Wednesday, November 17, 2004

Here's my Washington Post piece on Lil Jon's new album Crunk Juice.

Tuesday, November 16, 2004

Superpitcher was monstrously awesome in New York last Thursday. I’d not figured him for such a DJ after seeing one good but not especially distinctive set and hearing little of his deck rep prior, but wooeee! Last time here he was pretty tracky and minimal, but this time he hit it hard, getting that hair down in his eyes and making people dance.
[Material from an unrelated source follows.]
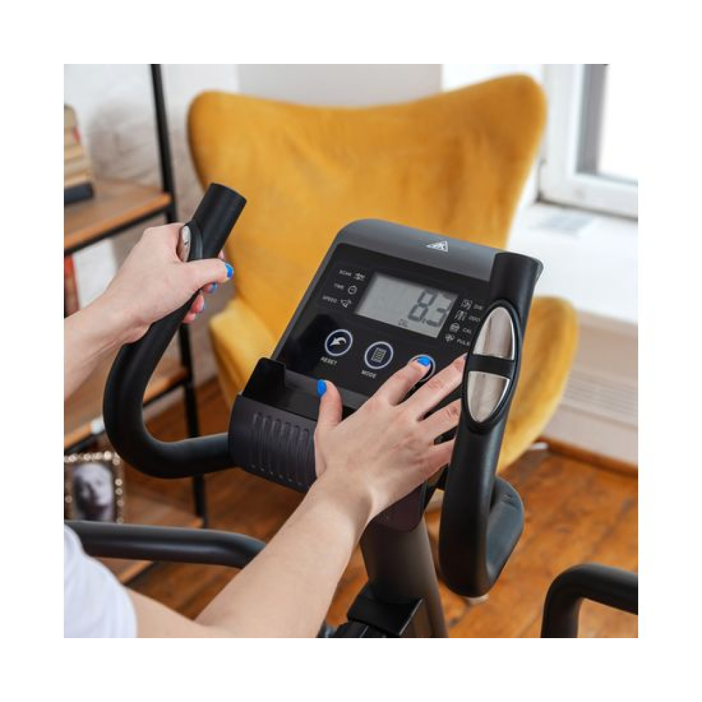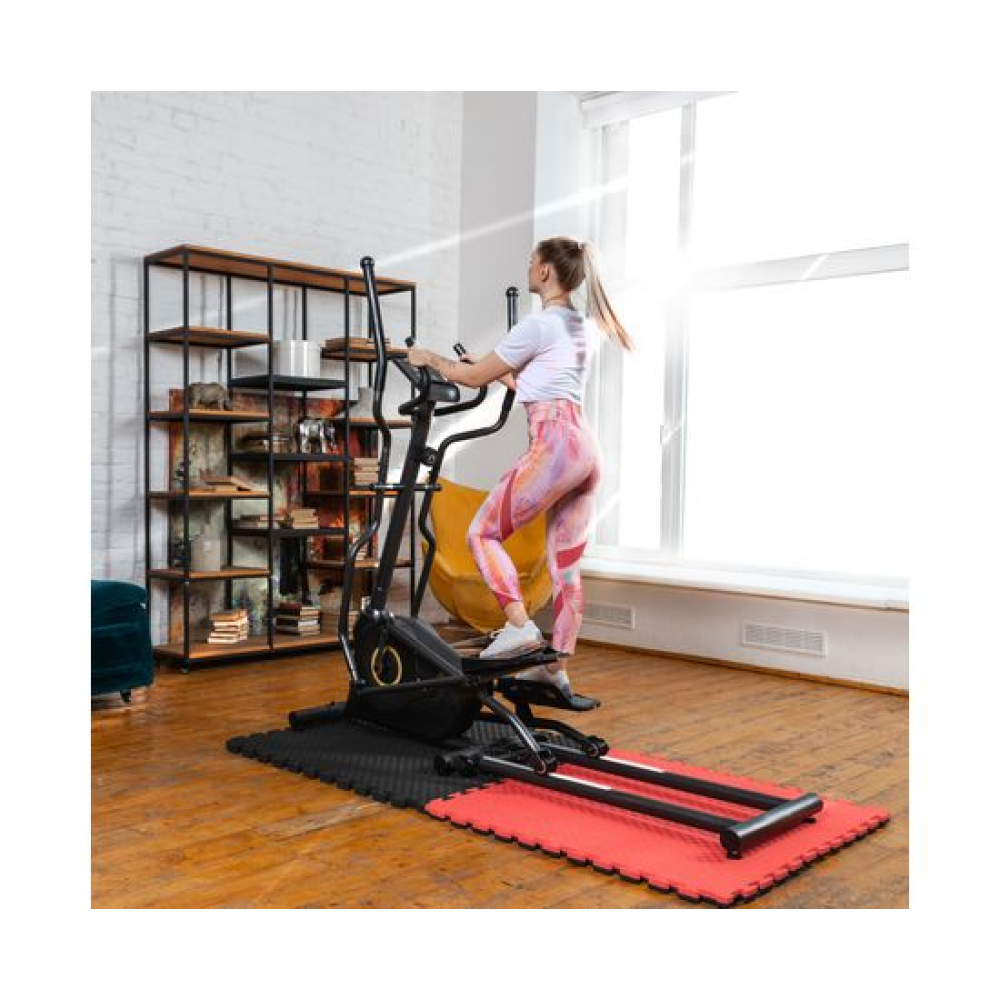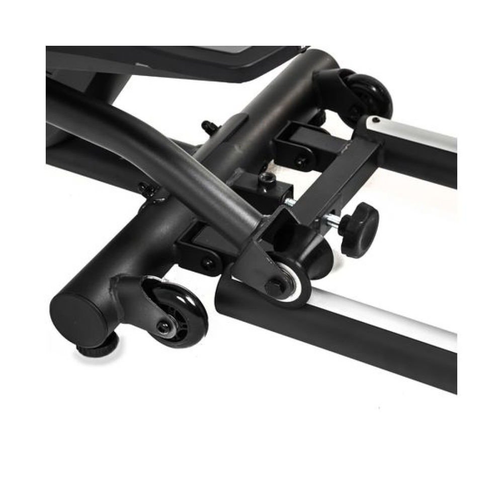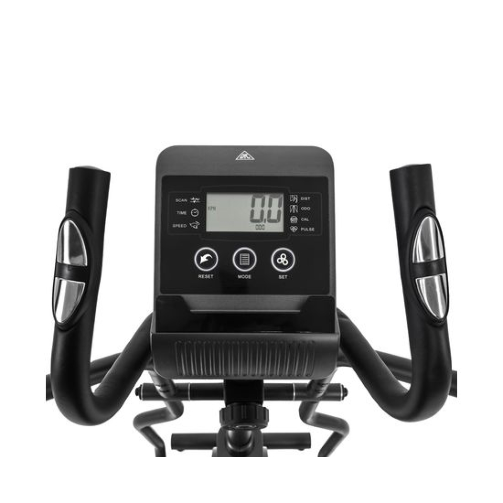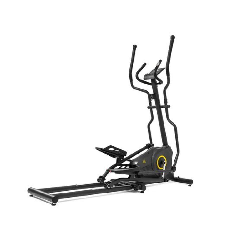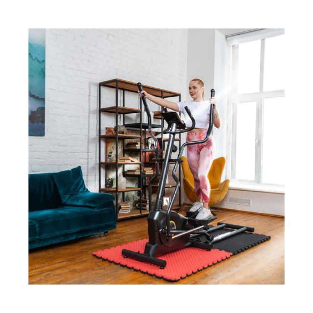 E6710T — эллиптический тренажёр компактных размеров для домашнего применения и пользователей не тяжелее 120 килограмм. Имеет складную конструкцию, что облегчает его хранение в ограниченном пространстве даже самых компактных квартир.Система нагрузкиСистема нагрузки — магнитная, с механической регулировкой. Для занятий доступно 8 уровней сложности. Для выбора подходящего уровня нагрузки необходимо установить поворотный регулятор в соответствующем положении.Комфорт и удобство тренировокВ этой модели эллиптического тренажёра есть всё для комфортных и результативных тренировок. На передней консоли можно удобно разместить планшет. Там же расположен дисплей, где отображаются основные параметры тренировки: скорость, дистанция, количество потраченных калорий, уровень пульса. Пульс считывается при помощи датчиков, расположенных на поручнях.Хранение и транспортировкаТренажёр удобно хранить, благодаря складной системе. В сложенном виде он не занимает много пространства. Модель оснащена транспортировочными роликами, что позволяет легко перемещать его в доме или квартире. В комплектацию входят инструменты для сборки.

After an hour or so of syncopated techno, there was a long stretch of stomping schaffel stuff, really noisy and hard and immersive—what Geeta nailed as "Transylvanian disco." I wish I knew/remembered more of what he was playing at that point—Blackstrobe’s “The Abwehr Disco” was one he got especially crazy with—but toward the end he mailed out a hot Kompakt love letter by way of a few biggies: Michael Mayer’s lick of “Happiness” into the DJ Koze remix of Reinhard Voigt (my favorite track on Komapkt 100, as it were) into a weird remix of his own “Baby’s On Fire” Eno cover…this one was reduced to nothing but the bassline, Superpitcher’s sexy vocals, and a few distant handclaps…which locked into the tick-tock tack of “Timecode” to great effect. All of this sounded grand played loud at Ikon, a good space I hope plays home to more stuff of the like.
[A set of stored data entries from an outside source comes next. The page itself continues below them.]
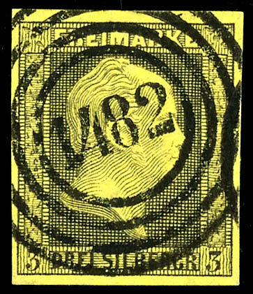 \1482\ - Tarnowitz (administrativ district of Opole), clear on 3 silver penny black on yellow, very fine (4a) \1482\ - Tarnowitz (Reg.-Bez. Oppeln), klar auf 3 Silbergroschen schwarz auf gelb, tadellose Erhaltung
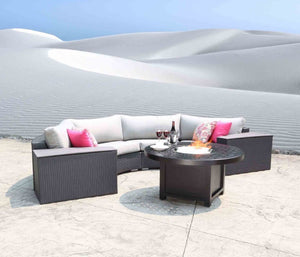 Includes cushions with thick seat pads and overstuffed back support to ensure the comfort of your guests. Cushions are customizable, with a variety of fabric and pattern options, and resistant to stains, sun damage, mold, and mildew.
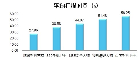 需要指出的是,360手机卫士的扫描时间包括了对内存、缓存、安装包、卸载残留、大文件的扫描,而腾讯手机管家没有扫描内存、卸载残留和大文件,并且其扫描的缓存也较少。因此,在扫描相同大小缓存的情况下,360手机卫士扫描使用的时间最少。
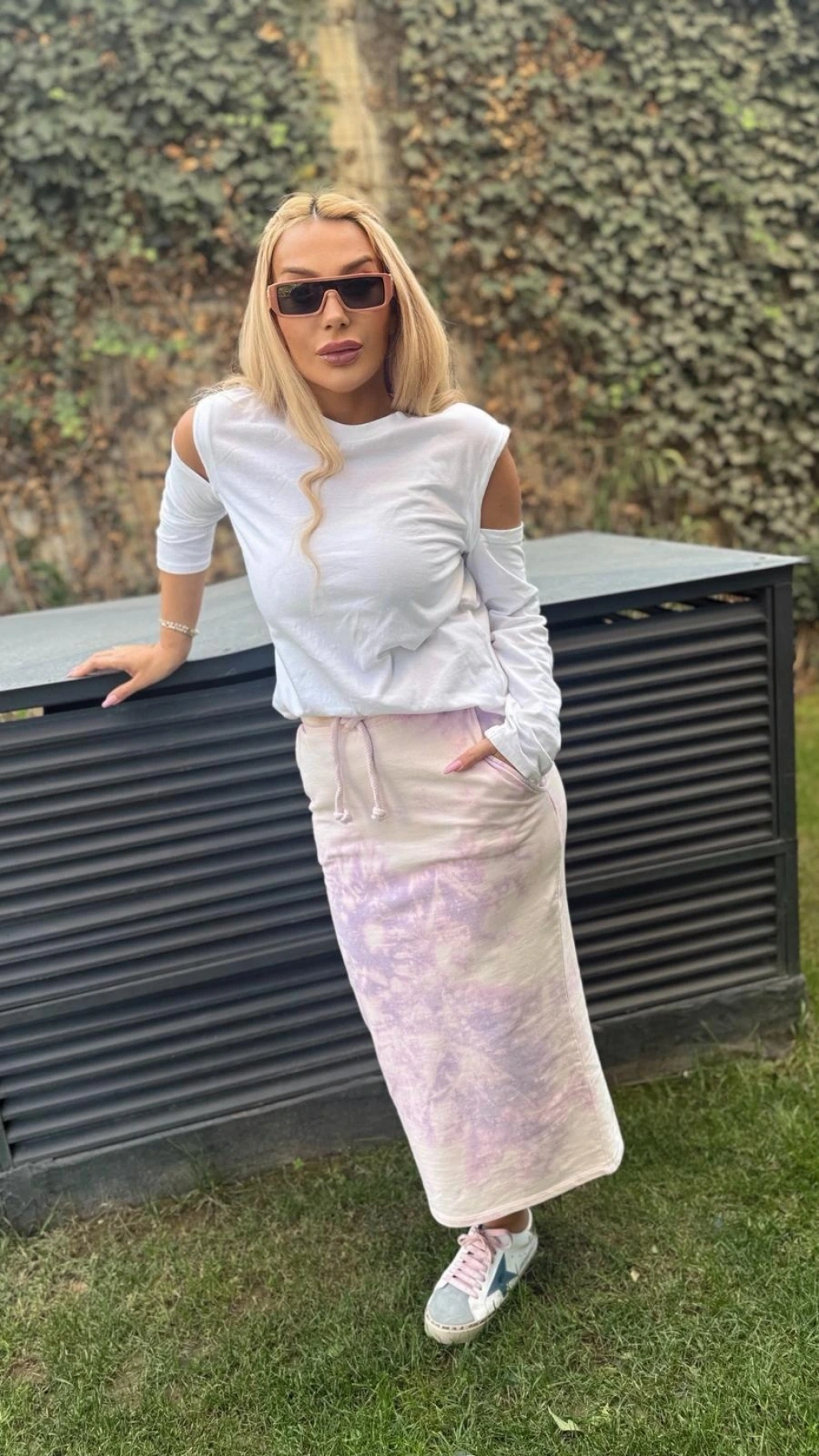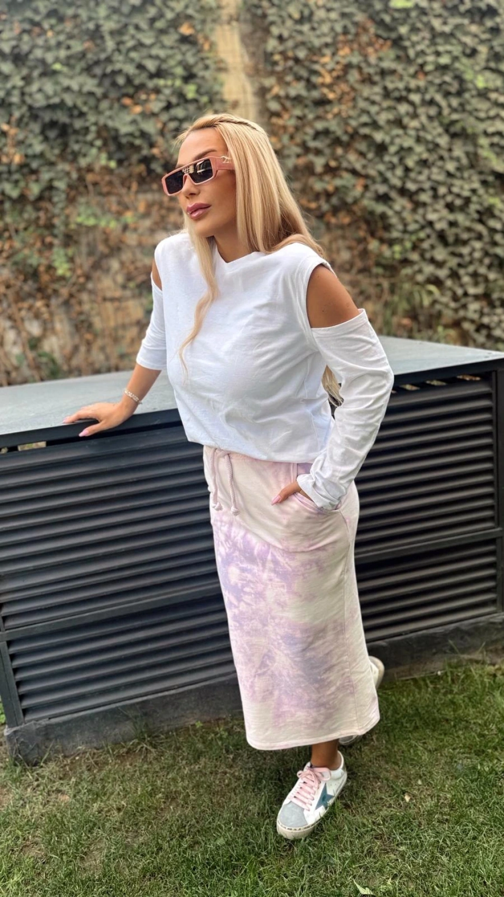 • BELİ LASTİKLİ İÇ GÖSTERMEZ BATİK DESEN ARKADAN HAFİF YIRTMAÇLI CEPLİ ETEK

And, you know, as an aside to those out there who claim that New York sucks…you’re wrong. After getting back from Berlin (pics of which soon when I figure out how) I decided to pretend, as a thought experiment if nothing else, that NYC shouldn’t be embarrassed in comparison. It’s worked. Last week alone saw Derek Plaslaiko, Mike Servito, James T. Cotton, and Matthew Dear; Superpitcher and Ada; and a small but on-it crew at a fun We Are Robots party at Café Deville. The crowds aren’t huge and the venues aren’t ideal, but this music is alive and happening here. Quit bitching and listen!
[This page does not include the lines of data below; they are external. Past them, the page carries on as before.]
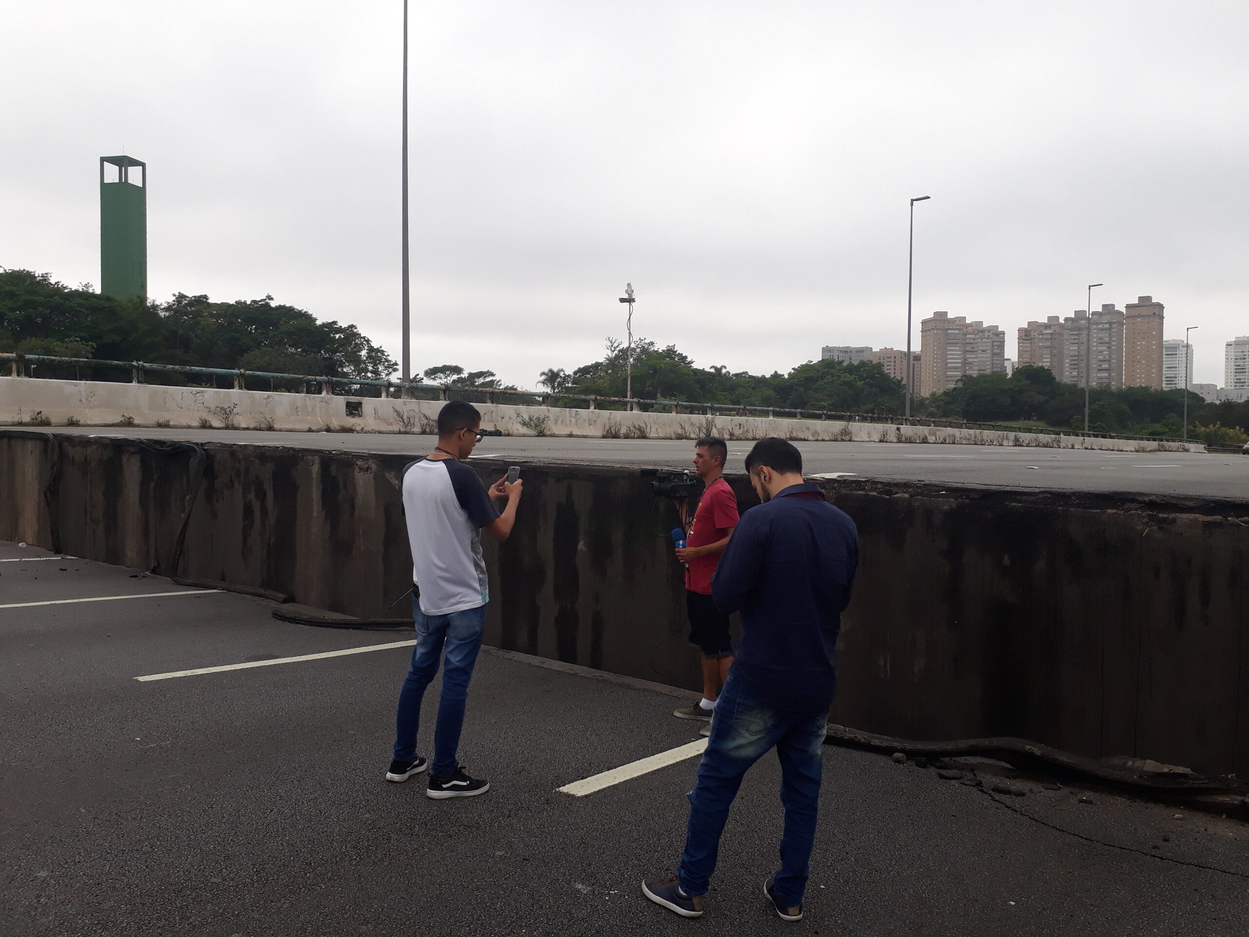 Com o bloqueio do viaduto, a pista expressa está interditada logo após a Ponte da Cidade Universitária. O trânsito está sendo desviado para as três faixas da pista local.
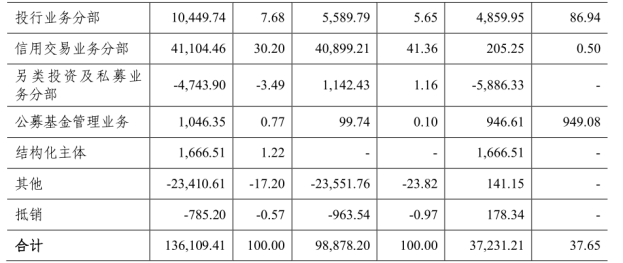 湘财证券各业务分部的营业收入变化
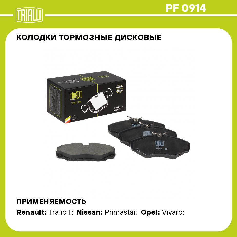 Колодки тормозные для автомобилей Renault Trafic II (01-) / Opel Vivaro A (01-) дисковые передние TRIALLI (PF 0914)
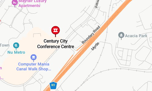 世纪城会议中心地址:4 ENERGY LANE,CENTURY CITY Milnerton 7441 地理位置优越,位于N1高速公路上,距离开普敦中央商务区和开普敦国际机场仅几分钟路程。

Wednesday, November 10, 2004

And so Maggie went screaming into a field of hi-hats, gravity transposed, heels written out of the equation. Her eye couldn’t help but twitch. Below her a bassline responded in a different slice of time. “You get what you get.” Outside the bridge she’d crossed wiggled, its suspension twisting free. Sensation fanned all around. She knew it wasn’t hers to have; the contract she’d signed was binding but not to a name. “You are who you are, whenever.” The idea of minutes struck her as slapstick. Foibles held close their charms. The idea of ideas… She checked in on her fellow patients, saw their gowns lift above their knees. The light was phosphorescent, glorious, embarrassing. Surely there was a word to express embarrassment as a sort of proud unworthiness, an acknowledgment of smallness itself as high as aspirations could ever hope to scale. Tsk-tsk-tsk-tsk. She shook off aural dust. “Wipe that dirt off your shoulder,” was how they’d said it in a different time. Maggie and her hand reacquainted. The steel around her shone. It was time for another breeze. She sipped at liquid, one vessel to another—Plato’s playthings trading duties. She’d underappreciated times like these in that different time, not appreciated them at all. It was a new moment for memes to stand up and be counted. “None of this is unreal!” The DJ floated between records, weaving at a loom. From the corner of her eye he spun a thread. It circled, surrounded, cinched…

Thursday, November 04, 2004



Here is a picture of techno I took on a train from Switzerland to Germany.

Wednesday, November 03, 2004

If you happen upon this from another country, I'm really sorry. A lot of us are. Not enough, but a lot.